Projet Campus Spatial
TERRE-LUNE
Formation du couple Terre-Lune : Accrétion, échanges chimiques/isotopiques
lors de l’accrétion et structure initiale et actuelle
Sébastien Charnoz (AIM) & Chloé Michaut (IPGP)
L’impact qui a donné naissance à la Lune pourrait être le dernier impact majeur sur la proto-Terre (Raymond et al., 2005). Il aurait
eu lieu à la fin de la phase d’accrétion des embryons planétaires, quelques centaines de millions d’années après la naissance du
Système Solaire. Malgré le succès de ce modèle, en particulier concernant le moment cinétique du système Terre-Lune, de
nombreuses questions demeurent, en particulier en ce qui concerne l’abondance des
éléments et leurs répartitions dans le système Terre-Lune.
L’extraordinaire similarité isotopique entre la Terre et la Lune, qui reste inexpliquée, et la
quasi absence de volatils sur la Lune, semblent en contradiction avec ce modèle. Les
analyses minéralogiques de matériaux lunaires ont montré qu’un océan de magma
primordial a existé sur la lune, qui a pu favoriser grandement la fuite des volatils. Or, les
propriétés physico-chimiques du couple Terre-Lune ont été grandement déterminées juste
après l’impact, à l’époque où la proto-Terre et la proto-Lune étaient encore connectées par
un disque de débris. C’est en particulier cette phase que nous proposons de modéliser dans
ce projet.
La connaissance de la structure profonde actuelle de la Lune par la sismologie pourrait
apporter des indices essentiels à cette étude. En effet, l’existence d’un océan de magma
primordial a pu entraîner une stratification particulière de la croûte et du manteau lunaire.

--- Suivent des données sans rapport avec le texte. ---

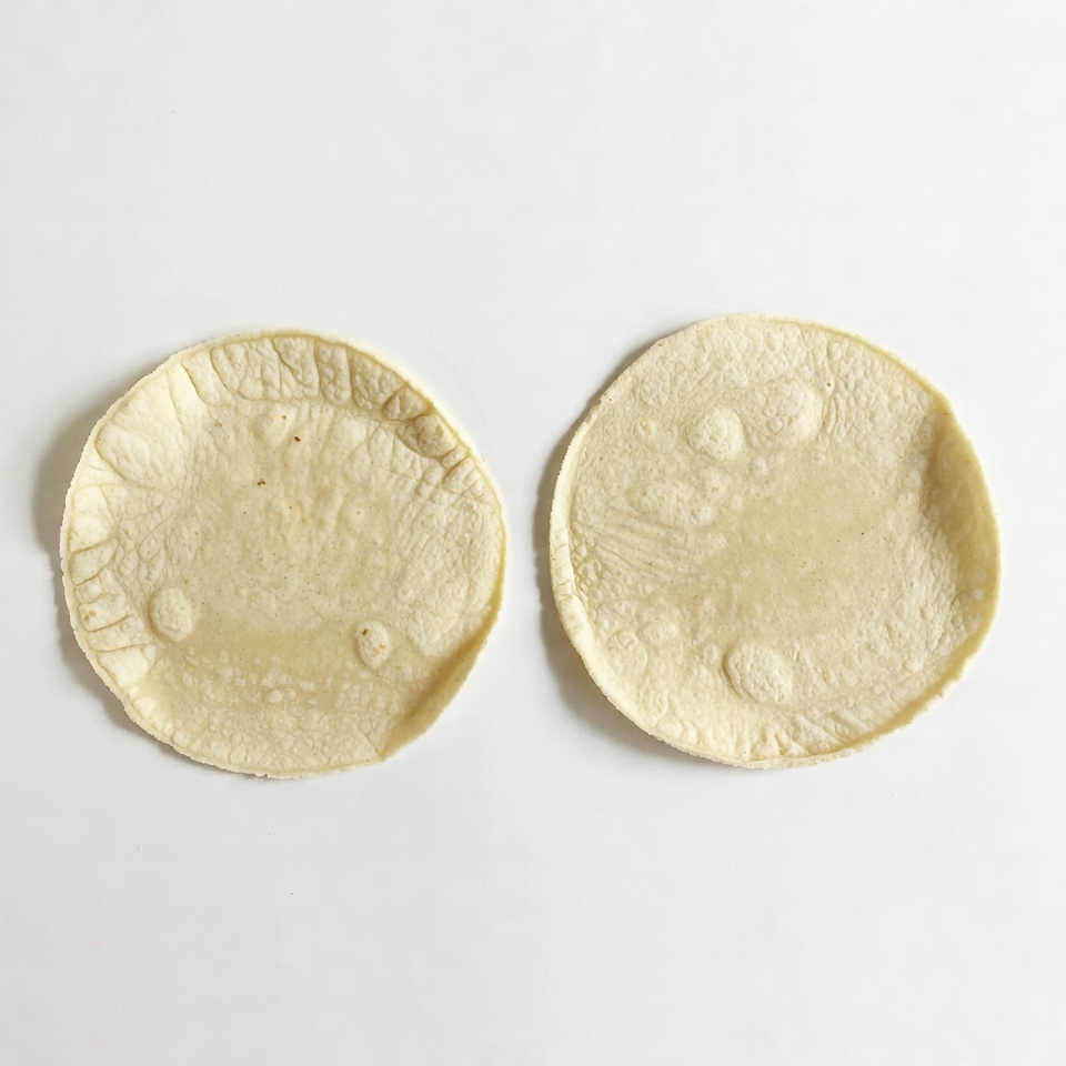 Two Corn Tortillas on White Background

C’est pourquoi nous proposons en parallèle une étude du bourdonnement sismique de la Lune lié aux impacts météoritiques
actuels qui permettrait de contraindre un peu mieux la structure interne de la Lune.
Ce travail est décomposé en 3 axes :
Volet 1 : ACCRETION : Nous souhaitons modéliser numériquement le transport des espèces chimique/isotopique et calculer
l’évolution thermodynamique du disque protolunaire lors la phase d’accrétion de la lune, ainsi qu’estimer le taux d’accrétion
primordial de la Lune. Pour cela nous utiliserons un code qui a été développé récemment (Charnoz et al., Nature 2010) pour
étudier la formation de satellites à partir de disques dissipatifs. L’accrétion de la proto-Lune a déjà été modélisée avec succès et
nous comptons rajouter de la thermodynamique pour suivre l’évolution de ce système.
Volet 2 : MAGMA : lors de l’accrétion, l’énergie apportée par les impacts a pour effet de réchauffer
les corps telluriques. Selon l’intensité et la taille des impacts, la fusion de ces corps a pu se produire.
En couplant des modèles d’accrétion à des modèles d’évolution thermique pour la protolune, nous
souhaitons apporter des contraintes sur l’état thermique initial et les caractéristiques (profondeur en
particulier) de l’océan de magma lunaire. Cette étude pourra être étendue aux protoplanètes.
Volet 3 : STRUCTURE : En quantifiant la fréquence des impacts actuels sur la Lune, il sera
possible de préciser l’amplitude des signaux sismiques générés par le bombardement météoritique,
et ainsi d’utiliser ces derniers pour contraindre la structure interne de la Lune. Pour cela nous allons
faire appel à l’Uranoscope d’Ile de France, qui mènera une campagne d’observations de la lune pour
quantifier le taux de flash dû au bombardement météoritique actuel à l’aide d’une caméra infrarouge.
C’est donc un projet interdisciplinaire qui fait le lien entre mécanique céleste et astrophysique pour les impacts, géophysique et
géodynamique pour l’évolution des corps solides, et observation spatiale et sismologie embarquée, afin de fournir des contraintes
nouvelles sur la formation de la Lune et son évolution.